Bastardi!!!!!! Parliamo in greco antico....forza!!!! dai!!!!! vediamo chi vince!!!!

I COLLEGHI RRRRRAMPANTI IN PAUSA PRANZO: "Aoh l'hai vista quella nuova? La mora! E aaa segretaria der responsabbbile??' Mo quando annamo a Londra manco a cerco a casa, me basta un letto matrimoniale....e chi me ferma!!"

ma scusa e le consegne....e il pricing???
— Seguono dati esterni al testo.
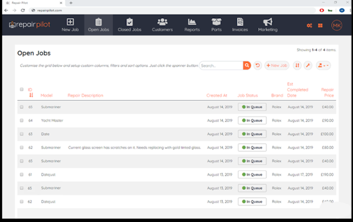 Repair Pilot helps managers gain visibility across repair processes with a centralized dashboard that displays open jobs, customer information, parts inventory, invoices, and reports. Users can send personalized messages to customers via email and SMS, which helps service teams optimize engagement. Administrators can also create check-in receipts that include job reference numbers, item repair details, and contact information.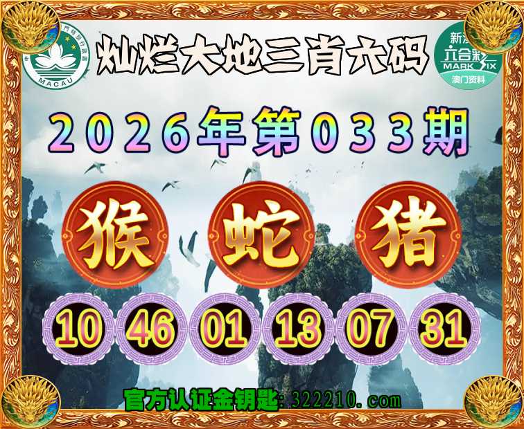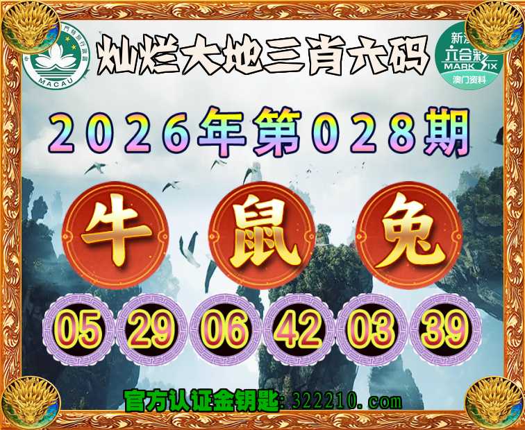 主题: 039期:金钥匙高手【灿烂大地🔥三肖六码】正版澳彩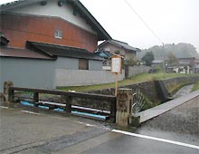 やがて街道は市場川を渡る。この橋は吉村公三郎監督縁の橋として看板が出ていた。(右写真)これは柏原宿歴史館の企画展に合わせた臨時の看板のようであった。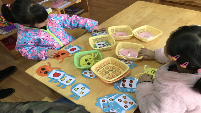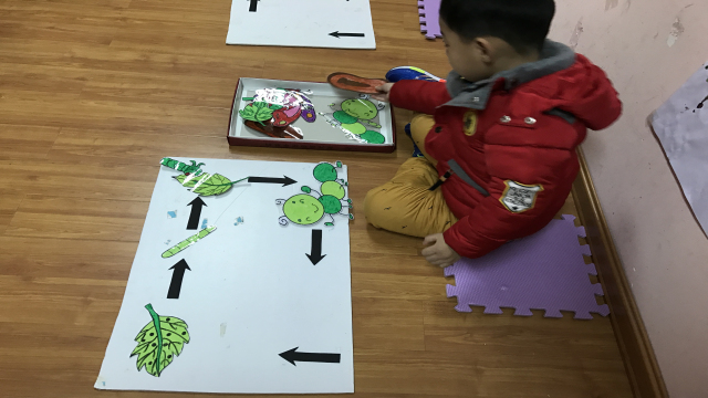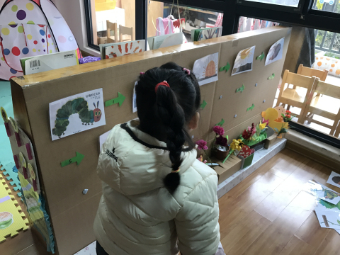 老师们围绕绘本《好饿的毛毛虫》开设了科学区、益智区、阅读区、美工区、建构区、角色区等区域。“游戏时间到了!”在老师的一声令下,孩子们纷纷选择了自己喜欢的游戏区角进行活动。游戏中,老师没有提供具体作品的图示,没有强调各游戏区的玩法,而是充分挖掘出绘本中经典的角色、对话、发展情节等元素,作为拓展绘本区域游戏的依据,设计丰富有趣的绘本区域游戏内容,并在各游戏区内提供多种材料供幼儿选择,充分体现了幼儿的自主、自由、自发行为,发挥幼儿自主探究的能力、创造能力。
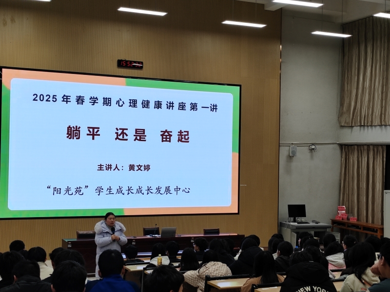 随着新学期的到来,2月27日,管理系组织2024级全体新生聆听新学期心理健康讲座。本次讲座以“躺平还是奋起”为主题,旨在帮助同学们更好地适应新学期的学习与生活,提升他们的心理健康素养,培养积极向上的心态。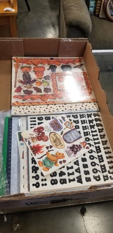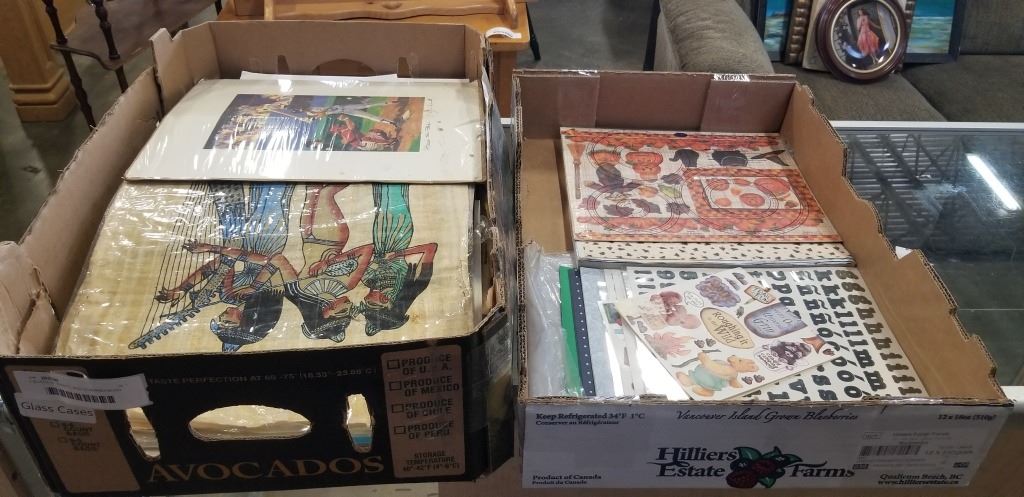 2 BOXES OF PRINTS AND SCRAPBOOKING SUPPLIES

ELEGANTONI OVVERO I P.R. : questi dovrebbero fare una bella scazzottata con gli apocalittici e poi venire da me con un giudizio mediato. "Benvenuto caro Nicola, ti sarai accorto che sei in una delle strutture più importanti a livello mondiale (e io che pensavo al livello galattico!!!) la dedizione al lavoro, la perfezione organizzitavia, ci ha consentito di raggiungere livelli ragguardevoli, tu inserisciti in questo orologio perfetto e spiccherai il volo con noi (e ghigno malefico con dente brillante).

Si certo!! non vedevo l'ora di fare l'ingranaggio....lo sognavo da bambino!!!
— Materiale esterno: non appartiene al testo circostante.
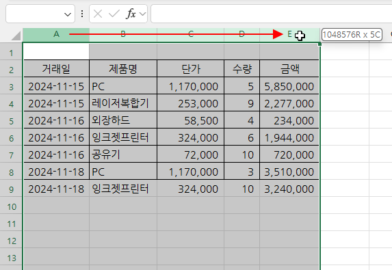 데이터를 추가할 때 마다 표 테두리를 연장해줘야 하는 것은 번거로운 일이죠!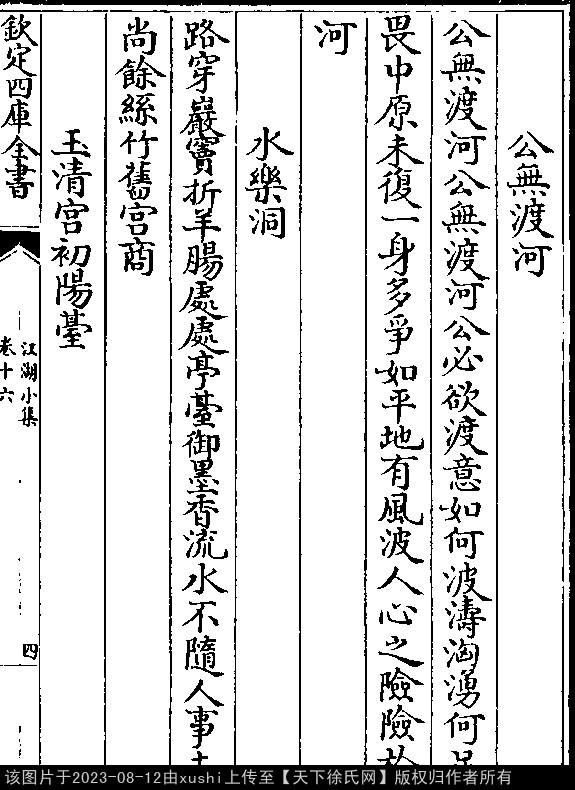公无渡河 南宋 · 徐集孙 押歌韵 公无渡河,公无渡河,公必欲渡意如何。 波涛汹涌何足畏,中原未复一身多。 争知(群贤集作如)平地有风波,人心之险险于河。 出处: 《江湖小集-宋-陳起》卷十六(第 4a - 4b 頁)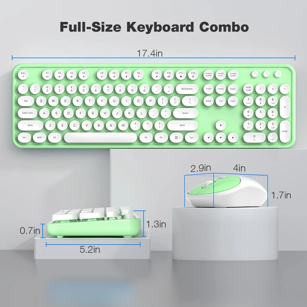 【Unique Keyboard and Mouse Combo】 Stylish multi-color style design, brighten up your device and your desk. Let you add a touch of fun to your dull and boring work, relieve work pressure. 【2.4G Wireless Plug and Play】 Simply connect both your portable keyboard and mouse with one USB receiver without any software, and then enjoy a strong and reliable wireless connection virtually no delays or dropouts. 【Upgrading Technology】The keycaps are made of ABS environment-friendly plastic characterized by ergonomic design and a comfortable feel. And there is a foldable stand on the back of the keyboard to reduce hand fatigue, hence enhancing your typing experience. 【Wide Compatibility】The keyboard and mouse combo include a full-size keyboard and a high-sensitivity mouse. Suit for Windows 7,8,10, XP/Vista. Work perfectly with PC, Laptop, Smart TV, and more. Not fully compatible with the Apple system. 【Auto power saving】The keyboard and mouse will go into sleep mode for saving batteries after being idle for 5 minutes. Press any key to wake up immediately. If there are any problems, we are ready to help you at any time.

I BONTEMPONI: sempre lì a scherzare....adorabili!!!! avete presente quelli che all'asilo ti facevano lo sgambetto? Quelli che alle elementari facevano lo schiaffo del soldato? Quelli che alle medie ti davano i colletti e al liceo raccontavano barzellette atroci? Quelli ora sono lì....sono tuoi colleghi....si annidano dietro le scrivanie, sotto le macchine del caffè e tu non puoi scappare...non puoi!!!!! devono cazzeggiare con te....si applicano 2 belle funi al lato della bocca e si ride....senza sosta

Poi tanti altri...il coatto ripulito, il modello di Versace...il dramma rimane la pausa....mi mancano gli operai, la chiacchierata sul calcio, sui sogni, sulle amarezze...ora in pausa si parla di lavoro!!!SOLO DI LAVORO e di GNOCCA...2 argomenti per diverse ragioni insopportabili...quando hai davanti un tristo piatto di mensa. Maledetto arrivismo!!!

Io mi chiedo: ma come se ne esce????

P.S. non vale la risposta cambiando lavoro!!